### [What to produce]
Beginning at the top of the entries below, retype each line exactly until the line containing "오늘 개봉한 아워바디는" has been written out; include no pictures and no later lines.

☆ ☆ ☆ ☆ ☆

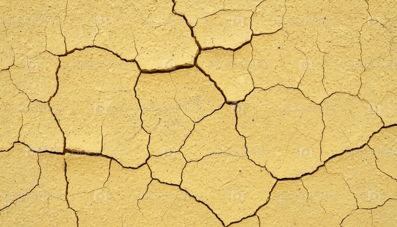 Желтая оштукатуренная стена с трещинами
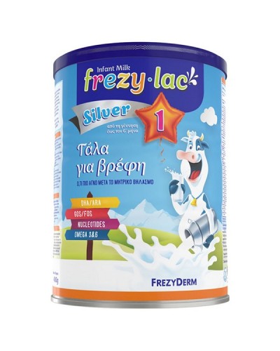 Το FREZYLAC SILVER 1 είναι αγελαδινό γάλα σε σκόνη, κατάλληλο για τη διατροφή του τελειόμηνου βρέφους από τη γέννηση έως τον 6° μήνα.
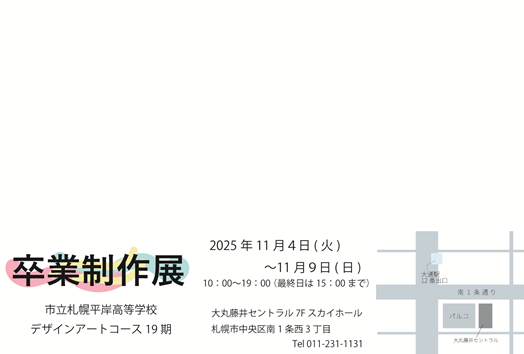 本校デザインアートコースの卒業制作展を、今年度は令和7年11月4日(火)~11月9日(日)の日程で開催いたします。場所は大丸藤井セントラル7階スカイホールです。
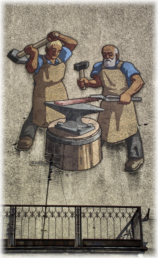 mozaika ceramiczna na ścianie budynku firmy
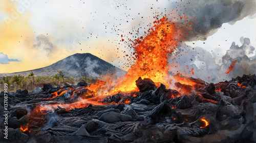 fiery volcanic eruption with molten lava spewing into air, surrounded by glowing lava fields and smoke clouds, with distant mountain and palm trees in background
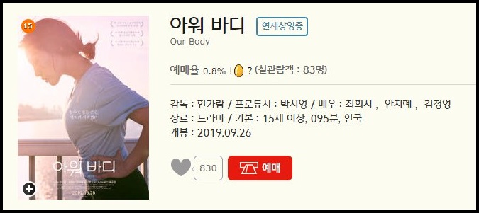 오늘 개봉한 아워바디는 한국영화입니다. 행정고시생의 이야기를 그리고 있는데 취준생들의 현실적인 이야기를 그린 영화라고 합니다.
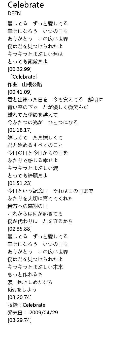 | [00:34.09] | 「Celebrate」 |

☆ ☆ ☆ ☆ ☆

### [Result]
 Желтая оштукатуренная стена с трещинами
 Το FREZYLAC SILVER 1 είναι αγελαδινό γάλα σε σκόνη, κατάλληλο για τη διατροφή του τελειόμηνου βρέφους από τη γέννηση έως τον 6° μήνα.
 本校デザインアートコースの卒業制作展を、今年度は令和7年11月4日(火)~11月9日(日)の日程で開催いたします。場所は大丸藤井セントラル7階スカイホールです。
 mozaika ceramiczna na ścianie budynku firmy
 fiery volcanic eruption with molten lava spewing into air, surrounded by glowing lava fields and smoke clouds, with distant mountain and palm trees in background
 오늘 개봉한 아워바디는 한국영화입니다. 행정고시생의 이야기를 그리고 있는데 취준생들의 현실적인 이야기를 그린 영화라고 합니다.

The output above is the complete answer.